I chose this dataset because I wanted to understand how real buildings impact the environment. Energy use affects both cost and sustainability, and I found it interesting to analyze what factors lead to higher greenhouse gas emissions.
The dataset includes both categorical and quantitative variables. The categorical variables are City and Primary Property Type EPA Calculated. City represents where each building is located, and it helps compare emissions across different areas. Primary Property Type shows the type of building like the office or facility, it helps compare emissions across building categories.

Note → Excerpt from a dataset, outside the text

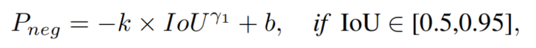 根据COCO的评价指标,小于θ的IoU是一个错误预测的充分条件。这意味着一个不满足IoU度量的预测边界框将被视为一个负样本检测,即使它有一个很高的cls分数。也就是说,IoU是确定成为一个负样本的概率的唯一因素,用 表示。由于COCO采用了0.5~0.95的IoU区间来估计AP,因此边界框的概率 应满足以下规则: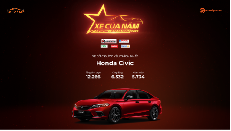 TP. Hồ Chí Minh, ngày 30 tháng 3 năm 2022, tại Lễ công bố và trao giải “Xe của năm” 2022 do 2 diễn đàn OTOFUN và OTOSAIGON đồng tổ chức, Honda City và Honda Civic được vinh dự nhận Giải thưởng “Xe được yêu thích nhất” phân khúc xe hạng B và phân khúc xe hạng C do Hội đồng chuyên môn và độc giả bình chọn.

The quantitative variables include Electricity (kWh), Natural Gas (therms), Reported Property Gross Floor Area, and Total Greenhouse Gas Emissions (CO2e). Electricity and natural gas measure energy usage, building size shows how large each building is, and emissions represent the total environmental impact.
Before my analysis, I cleaned the dataset by selecting only the variables I needed.I also converted values into numeric format, and removed missing values in order for the results to be more accurate.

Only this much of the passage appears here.